Synergistic application of biochar and lime modulates rhizosphere microbiome, suppresses pathogens, and enhances disease resistance in sugarcane.

Abstract

Soil acidification disrupts microbial communities and exacerbates plant disease susceptibility in agriculture. This study demonstrates that combined application of biochar (15 t ha⁻¹) and lime (1.5 t ha⁻¹) in acidic sugarcane fields significantly elevates soil pH (up to 46.7%) and organic carbon (SOC), driving profound restructuring of the rhizosphere microbiome. High-throughput sequencing revealed suppression of potentially pathogenic bacteria (Solirubrobacteraceae, Acidothermus, Gaiella) and fungi (Curvularia, Scytalidium, Myrothecium), alongside qPCR-confirmed reduction in Fusarium abundance. Concurrently, we observed significant enrichment of beneficial taxa including plant-growth-promoting bacteria (Sinomonas, Bacillus, Brevibacillus, Micromonospora, Filomicrobium, OLB13, Arenimonas) and fungi (Trichoderma, Aspergillus, Talaromyces, Penicillium, Taifanglania, Redeckera).
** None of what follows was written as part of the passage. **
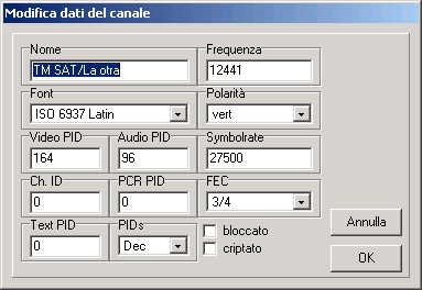 La finestra principale, vedi tutti i satellite, transponder, FAV, genres, e naturalmente i canali.

FUNGuild analysis confirmed decreased relative abundance of fungal plant pathogen guilds, particularly under the combined treatment. Redundancy analysis identified pH, SOC, and acid phosphatase as key environmental drivers of microbial assembly. These microbiome shifts correlated with enhanced plant defense responses: increased phenylalanine ammonia-lyase and superoxide dismutase activities, reduced malondialdehyde content, and significantly suppressed pokkah boeng disease incidence (82.57% reduction) and severity. Our findings establish that biochar-lime synergy ameliorates soil constraints, functionally modulates the rhizosphere microbiome to suppress pathogens, and systemically enhances plant immunity, providing a sustainable strategy for managing soil-borne diseases in acidified agroecosystems.